When he was just eight years old he began his yogic training with an enlightened teacher, Sant Hazara Singh, who proclaimed him to be a Master of Kundalini Yoga when he was sixteen and a half.

During the turmoil of partition in 1947, at the age of 18, he led his village of 7000 people, near what is Lahore Pakistan today, 325 miles on foot to safety in New Delhi, India, where he arrived with only the clothes on his back. He continued his education at Punjab University where he excelled in debate and was a star athlete, playing both hockey and soccer.

After graduating with a degree in Economics, he began Indian government service with India’s Internal Revenue Department. Shortly thereafter he moved to the Customs Service and become head of Customs at Palam International Airport (now known as New Delhi’s Indira Gandhi Airport).

He married Inderjit Kaur in 1952. They had two sons, Ranbir Singh and Kulbir Singh, and a daughter, Kamaljit Kaur.
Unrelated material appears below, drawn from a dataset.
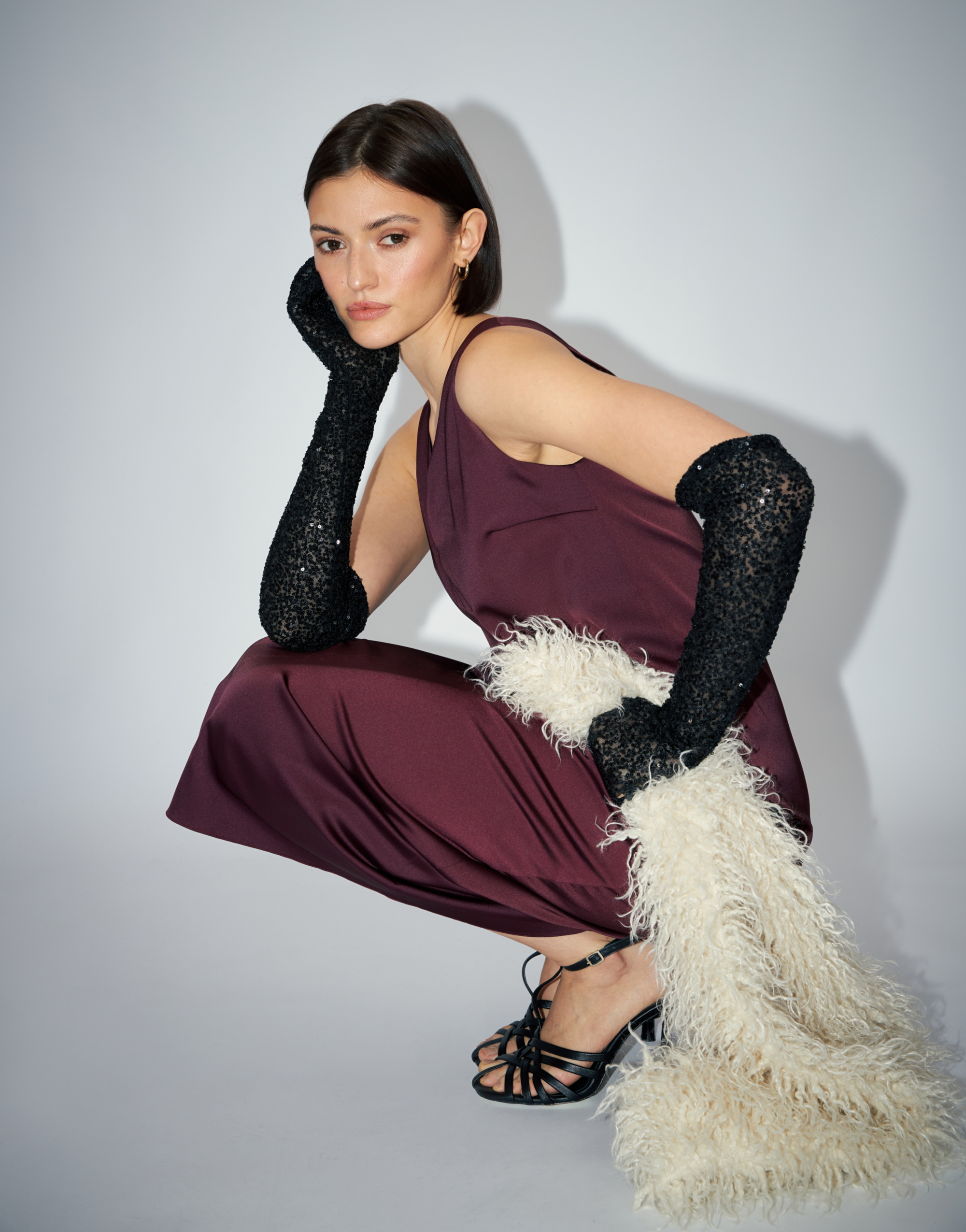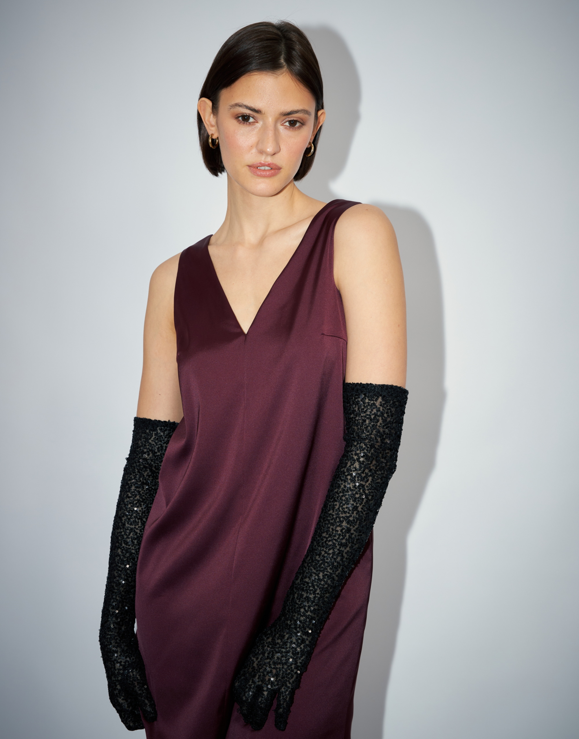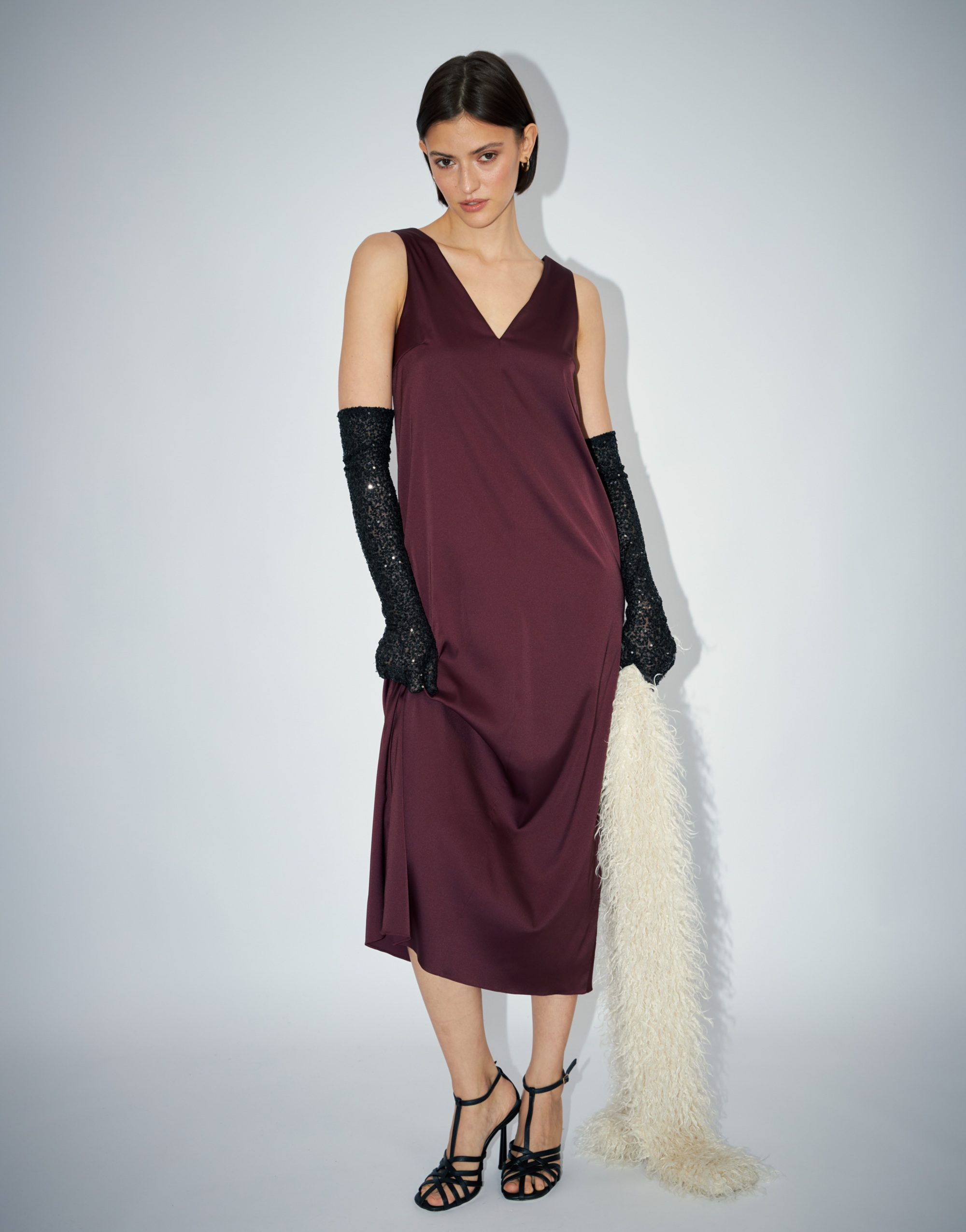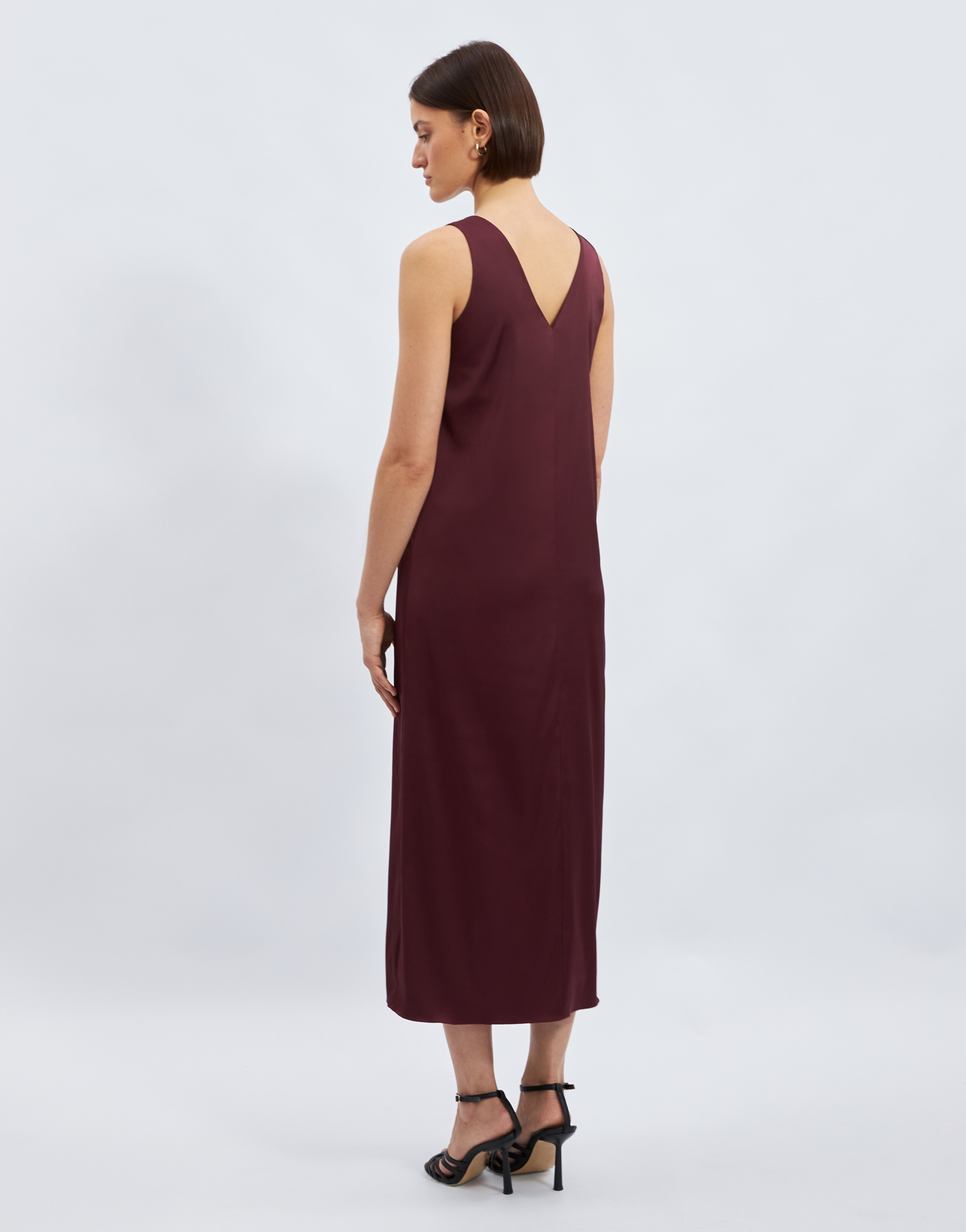 Платье малого объема, прямого силуэта, с небольшим расширением к низу, длиной выше щиколотки, на подкладке. Перед с нагрудной вытачкой из бокового шва и средним швом. Спинка со средним швом. Вырез горловины переда и спинки имеют V-образную форму.

In September of 1968, he left India for Canada to teach yoga at Toronto University, carrying a letter of recommendation from Sir James George, Canadian High Commissioner in New Delhi, who had been his student. After two months in Canada, he flew to Los Angeles for a weekend visit.

Arriving in Los Angeles virtually unknown, Yogi Bhajan met a number of young hippies, the spiritual seekers of that era, and immediately recognized that the experience of higher consciousness they were attempting to find through drugs could be achieved by practicing Kundalini Yoga, while simultaneously rebuilding their nervous systems.

Breaking the centuries old tradition of secrecy surrounding the empowering science of Kundalini Yoga, he began teaching it publicly. With the yogic sciences of yoga, meditation, yogic philosophy, and loving acceptance, he gave the soon to be called “Baby Boomers” an effective alternative to the prevalent drug culture. He called it the “3HO” (healthy, happy, holy) way of life.

His motto: “If you can’t see God in all, you can’t see God at all.”

His credo: “It’s not the life that matters, it’s the courage that you bring to it.”

His challenge to students, “Don’t love me, love my teachings. Become ten times greater than me.”